Costa et al. identified the primary mechanisms driving exercise-associated GI distress: splanchnic hypoperfusion (blood flow diverted away from the gut to working muscles), dehydration, NSAID use, and heat stress.[8] During prolonged exercise, up to 80% of blood flow can be redirected away from the GI tract. Your gut becomes ischemic — starved of oxygen and unable to function properly. The intestinal lining becomes more permeable, absorption slows, and anything sitting in your stomach just... sits there.

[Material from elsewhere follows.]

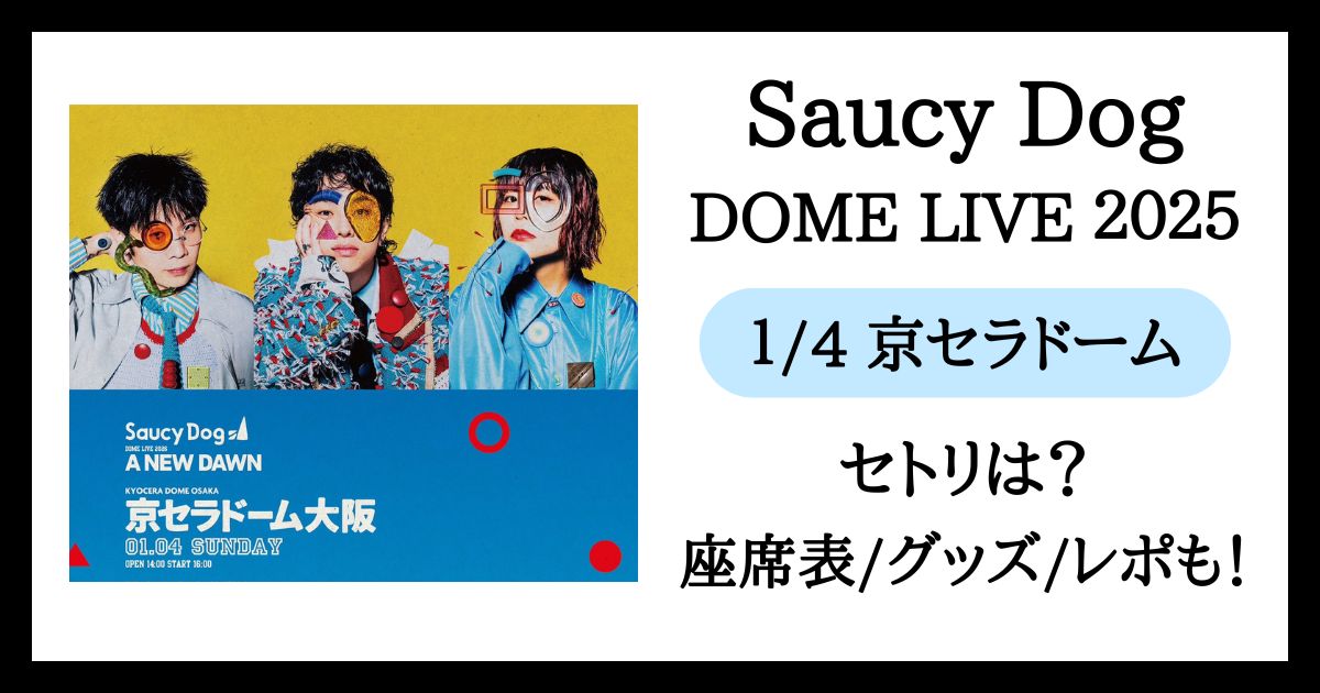 今回この記事では、Saucy Dogのドームライブ2026「Saucy Dog DOME LIVE 2026 A NEW DAWN」2026年1月4日京セラドーム大阪での曲名や曲順などのセットリスト、物販やグッズ販売売り切れ情報、ステージ構成などの座席表、感想レポを調査していきます。

NSAIDs (ibuprofen, naproxen) make this dramatically worse. They further reduce splanchnic blood flow and damage the gut lining directly. Despite this, NSAID use during ultramarathons is alarmingly common. If you take one thing from this section: don't take ibuprofen during your ultra.

Gut training works

The good news: your gut adapts. Cox et al. showed that 28 days of high-carb feeding during training significantly increased exogenous carbohydrate oxidation rates — intestinal transporters upregulate in response to repeated demand.[9] Miall et al. demonstrated that even two weeks of gut training reduced GI symptoms and carbohydrate malabsorption during exercise.[10]

Practical GI management

Avoid NSAIDs during the race — they make GI distress significantly worse. Stay hydrated — dehydration accelerates splanchnic hypoperfusion. Practice everything in training — no new foods on race day. Have backup foods — when Plan A stops working at 3 AM, you need a Plan B and C. Broth, flat cola, and watermelon have saved more ultras than any supplement.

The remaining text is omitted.